A juicy piece of cold war history that’s also a job of work to watch, this 1967 feature from the ultimate aesthetic bomb thrower of the French New Wave, Jean-Luc Godard, deals with a group of young people from well-to-do backgrounds sharing an apartment and, between lengthy philosophical, political, and artistic discourses, planning terrorist acts inspired by China’s Communist Chairman Mao. Led by a “Little Red Book” quoting actor (Jean-Pierre Léaud, “The 400 Blows”) and his winsome, but even more ideologically committed girlfriend (Anne Wiazemsky, Godard’s wife at the time), it’s clear this seriously naïve group isn’t, in John Lennon’s phrase, going to make it with anyone, anyhow — but boy do they talk about it. Never very comfortable with ordinary dramaturgy, Godard, a fanatical far leftist at the time himself, toys with avoiding it altogether here. The film is mostly a series of intense conversations touching on long dead controversies and rift that were then current among Europe’s more extreme left, leavened with bits of impish humor and cartoonish, primary-color-fueled compositions (lots and lots of red, naturally) courtesy of the director and his great cinematographer, Raoul Coutard. Godard’s next film was probably his masterpiece — the compelling, freaky and hilarious “Week End” — but it also famously proclaimed the “end of cinema.” The destruction of conventional, watchable cinema was already largely in practice here. (For all the visual rock and roll dazzle of “La Chinoise” with none of the work, see the snazzy trailer.)

Click to buy “La Chinoise”

Le Gai Savior

What do you do when you’re not yet 40, the world’s most celebrated cinematic renegade, you’ve made your masterpiece (1967’s “Week End”), and it ends with the words “end of cinema?” If you’re Jean-Luc Godard, the Johnny Rotten of the French New Wave, you try to prove it by making movies that dispense with traditional meaning entirely. Still an oddity nearly 40 years after its release, “Le Gai Savior” (which means something like “The Joy of Knowledge”) is an interminable, exquisitely filmed, cinematic conversation between two archly doctrinaire Marxist students (Julie Berto and New Wave stand-by Jean-Pierre Leaud). The subject at hand is language as the enemy of the extreme social change that they advocate. The dialogue takes place entirely on an empty, darkened stage and examines the very notion of language, while being interspersed with a collage of random material and bizarre and often irritating sound effects and narrations by Godard himself. Nearly unwatchable for most of its length, it is also all but impenetrable. (Godard scholar Colin MacCabe has written that Godard’s films from this period “address an ideal audience.” I guess I’m not a member of that audience.) It is also, like Godard himself during this period, horribly politically obtuse. If only he had known that the puritanical, repressive, murderous Maoist Chinese government he so admired — despite his fierce opposition to these same tendencies in the West — would, within a couple of decades, be enabling many of the world’s most rapacious capitalists.

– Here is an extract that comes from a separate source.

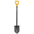 - All-purpose digging spade with pointed and sharpened cutting edge.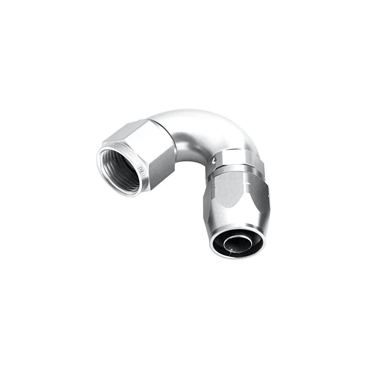 Aeroflow's 550 Series cutter fittings are a CNC machined one piece fitting which provide uninterrupted flow. The billet cutter end separates the wire braid for maximum hose retention, sealing the hose for a second time which provides a greater sealing area for strength and easier assembly. The tight mandrel bent radius body has superior wall thickness and a swivel head allowing for easy adjustment. Aeroflow's 550 series fittings are the choice of professionals for use in fuel systems, cooling systems, vacuum applications and oil systems. Compatible hose: 100 Series Stainless Steel braid and 450 Series Lightweight Nylon braid.

Click to buy “Le Gai Savior”

The Night of the Shooting Stars

Considered a masterpiece by many, this occasionally moving and exciting 1982 festival winner and arthouse hit tells the story of a group of civilians taking an ultimately violent stand against Italian and German fascists just prior to the allied liberation of Italy in 1944. Written and directed by Italy’s Taviani Brothers, “Night” is a late example of neorealism, a style that attempts to combine “fly on the wall” realism with flourishes of emotion. I’ve never cared for the style very much, but the problems that undo “The Night of the Shooting Stars” go well beyond my personal impatience with its genre. The main issue is that the film focuses almost equally on a large number of characters and, with a length of 103 minutes, there doesn’t seem to be enough time to get to know them well enough to care about what happens. Also, the story is recounted by a woman telling her children about some mostly very grown-up events that happened when she was six, most of which she could not have personally witnessed or understood at the time. In that case, you might expect some very non-realistic stylistic flourishes or displays of childlike imagination, but, with the exception of single brief fantasy sequence, it is all mostly presented in pretty but literal fashion. Curious viewers are probably better off starting with Robert Rosellini’s 1945 “Rome, Open City,” shot only months after the Nazis had left the city and the only purely neorealist film I’ve ever loved.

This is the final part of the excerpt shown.